Workers Compensation Act 1987; whether the applicant suffered consequential conditions to his right little finger and right wrist because of an accepted injury to the index, ring and middle fingers; gaps and inconsistencies in the medical evidence; the value of contemporaneous evidence; Nguyen v Cosmopolitan Homes; Kooragang Cement Pty Ltd v Bates (Constructions) Pty Ltd; Makita (Australia) Pty Ltd v Sprowles; Held – award for the respondent for claims relating to consequential right little finger condition; found the applicant has a consequential condition of the right wrist as a result of accepted right index, ring and middle fingers; matter referred to a Medical Assessor for assessment of whole person impairment (WPI).

DETERMINATIONS MADE:

1.     The applicant suffered injury to the right ring, middle and index fingers on 31 October 2022 with resultant scarring.

2.     The applicant has a consequential condition to the right wrist resulting from injury on
31 October 2022.

3.     Award respondent with respect to the claim of a consequential condition to the right little finger.

4.     The matter is remitted to the President for referral to a Medical Assessor for assessment of whole person impairment (WPI) as follows;

Date of injury: 31 October 2022.

Method of assessment: WPI.

Body system/part: Right index finger; Right middle finger; Right ring finger; Right wrist; Scarring (Temski)

STATEMENT OF REASONS

BACKGROUND

  1. As a result of injury sustained with Crate N Packing Services Pty Ltd (the respondent),
    Mr Succar (the applicant) claims lump sum compensation for permanent impairment.  

  2. The respondent’s insurer accepts liability for injury to the right index and middle fingers with associated scarring but disputes any injury or consequential claim to the right little and ring fingers and right wrist.

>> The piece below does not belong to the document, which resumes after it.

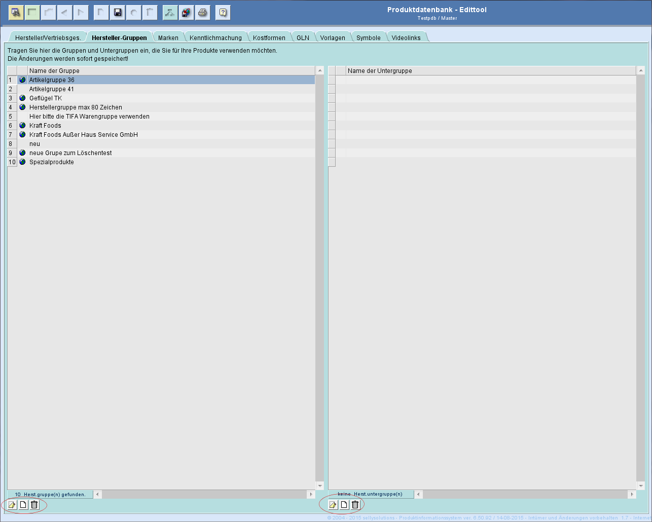 neuen bzw. geänderten Hersteller-Gruppen und -Untergruppen über das Disketten-Symbol
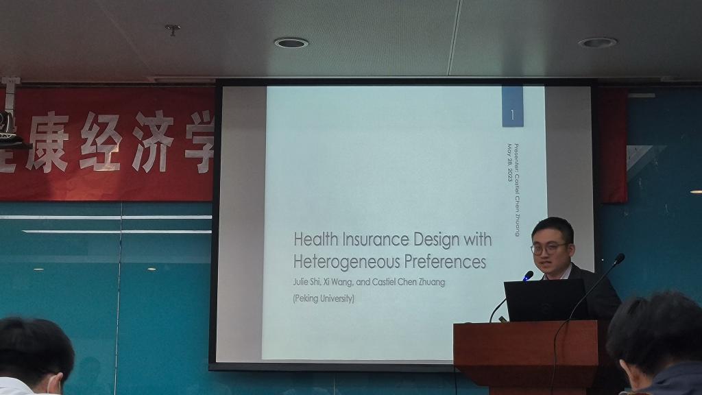 第四位汇报论文的学者是来自北京大学经济学院的庄晨老师,他汇报的题目是“Health Insurance Design with Heterogeneous Preferences”。该研究根据不同等级医院提供了一个基于价值的健康保险设计经验分析框架。汇报结束后,来自北京大学的赖毅老师进行了点评,并就相关问题和庄晨老师进行了交流。

  3. This resulted in an Application to Resolve a Dispute (ARD) being filed in the Personal Injury Commission (Commission). The matter underwent the usual case management pathway ultimately proceeding to arbitration where Mr Perry of Counsel instructed by Ms Nehme represented the applicant. Mr Stiles of Counsel instructed by Mr Wares represented the respondent. Mr Ye was the insurer’s representative.

  4. The issue for determination is:

    (a)    did the applicant sustain an injury/consequential condition to the right ring and little fingers and right wrist.

  5. The evidence before the Commission was limited to the ARD and the Reply and their annexures.

  6. The parties agreed subject to findings, the matter was to be remitted to the President for referral to a medical assessor.

PRELIMINARY COMMENTS

  1. After notification of conciliation impasse and prior to arbitration, Mr Perry invited me to inspect the applicant’s right hand. Following consent of the respondent, I indicated that I would view the hand subject to the following caveats: I am not medically qualified, my observations would not influence any findings, carry weight or be applied in the overall discernment of the matter. On acceptance of those caveats, the applicant approached and placed his right hand on the table. I observed it could not be laid flat and he could not flex the wrist. The hand and the digits appeared swollen when compared to the uninjured left side.

Applicant’s position

  1. In his statement dated 21 October 2024[1] the applicant confirms he is right hand dominant and was employed as a labourer and general hand predominantly involved in the construction of wooden pallets.

    [1] Folio 2 ARD

  2. He describes the injury on 31 October 2022 when his colleague accidently discharged the nail gun firing two 100ml (sic) into his right hand, penetrating the index and middle fingers and superficially wounding the right finger stating:

    “I felt instant severe pain in all of my fingers most particularly the index and middle fingers. I screamed in pain and wrenched my right arm from where it was when Glenn discharged the nail gun. It was an involuntary and violent movement of my right arm and in particular my right wrist.”[2]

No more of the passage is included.